Deploying Native Boot VHDs [2]

My first test was to set up the target computer with its hard disk and boot environment and copy the VHD directly from the VM to the target and then boot. This was successful; the main issues being the missing Sysprep and driver injection stages. Since then, thinking about it overnight, I have decided I will have to learn how to use WSIM, Windows 7 Sysprep and DISM, all of which MDT nicely isolates you from. This is because MDT doesn’t have a deployment scenario for the situation we are using. Using the three tools mentioned above is what MDT encapsulates, but in a different way. The normal basic steps of deployment which I learned with Vista are:

  1. Make a Unattend file using WSIM
  2. Sysprep your reference system passing it the Unattend file
  3. Image it by using ImageX to perform the capture.

And now, with VHDs, we can replace the third step with DISM to inject the drivers. Then we copy the VHD for deployment. Deploy it to the target platform and when that platform is booted it will automatically set itself up with the Unattended settings. The advantage of this overall is that we don’t need to have a separate imaging stage to copy what is on the VHD into a wim file, and we don’t have to have a separate stage of loading the image onto the target platform. All we have to do is simple copying of the VHD file to the target platform, so it saves a lot of time. In my test run yesterday it took about seven minutes to copy a 13 GB VHD off an external hard disk to the computer. Basically this is what MDT leverages, but in a different way. MDT splits up the setup passes so that some of them happen at the time of doing Sysprep and Capture, and some of them happen at the time of applying the Deployment task sequence. But if you do it so that you specified your unattend file and everything before you deploy the VHD, then it all gets done automatically when the VHD is booted up for the first time.

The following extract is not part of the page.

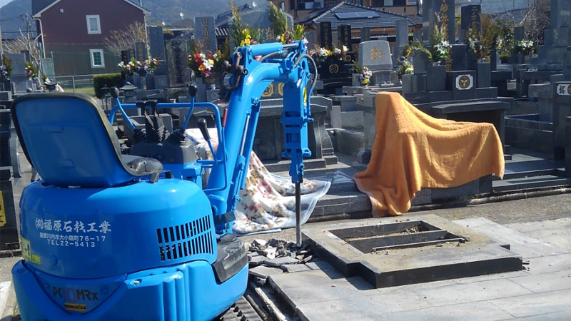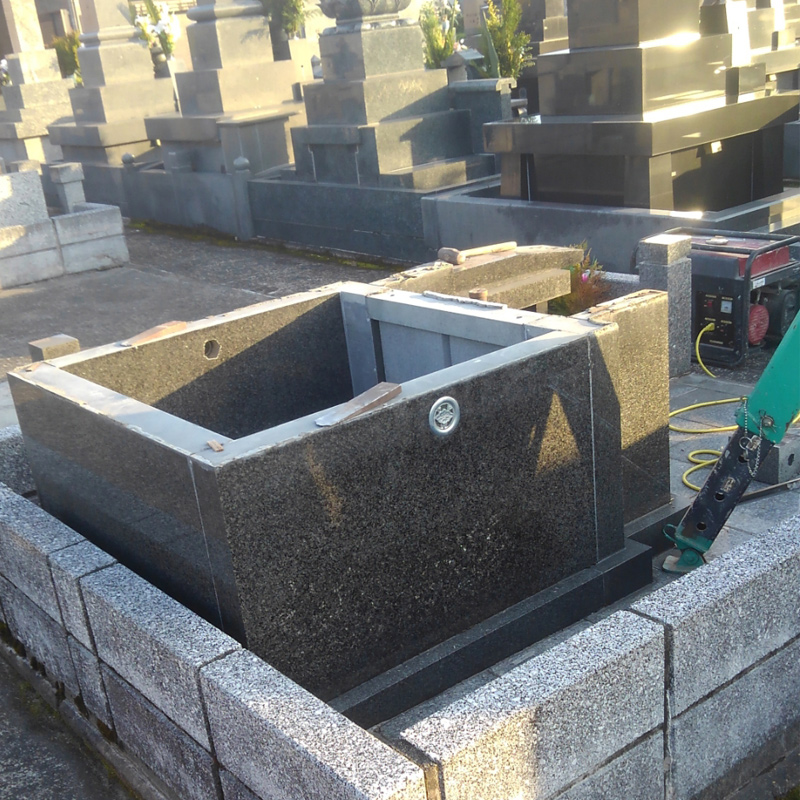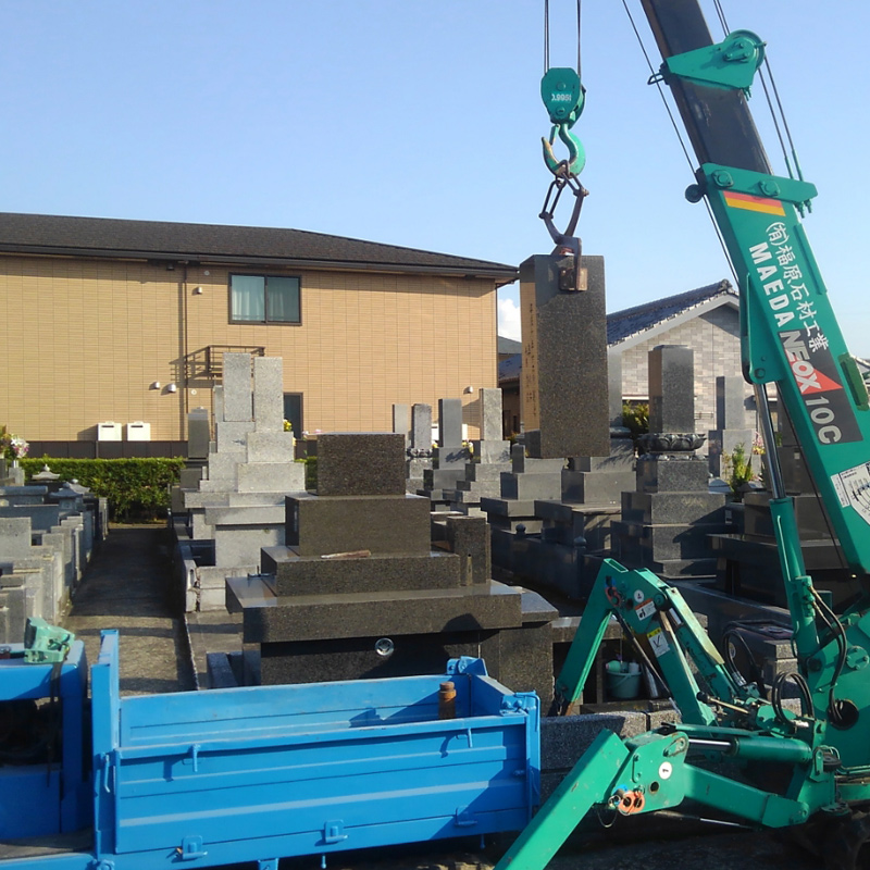 墓石の加工、基礎工事、石碑等の制作、文字の彫刻、建墓工事などを行います。各施工は図面に基づいて丁寧確実な施工をいたします。

Let’s have a look in depth then at the old system like Ghost of copying a whole hard disk and that being the image of the machine. The main advantage of this is that it is very easy to set up and deploy. However since you still need to Sysprep before capture, you will still need to learn how to use the WSIM and Sysprep tools. Therefore you haven’t saved much. The main issue is that once you have captured with Ghost into its own format, servicing those images becomes the issue. The usual story is to deploy to a reference platform, service, sysprep, capture, and you have to have a reference platform to do it. The other big Ghost limitation is that it is tied to a single HAL and that means images are locked to that platform pretty much.

On the other hand we will be starting with a VHD that is attached to a VM. We build and maintain it on that VM. We then take a simple copy of that VHD, run Sysprep over it with our unattend.xml file that we have already built. We then use DISM to inject the drivers to it. It is then ready to deploy. We can still service the VHD offline at that point before it’s deployed, no matter how much is needed to it. Or we can go back to our VHD attached to the VM and service it live there then do the Sysprep and DISM stages again. At no stage is it necessary to recapture and at no stage is it necessary to deploy the captured image by special software. It is just a matter of copying the VHD to the target platform. This is an advantage even over WIMs which is why the native boot VHD capability is such an underrated feature of Windows 7.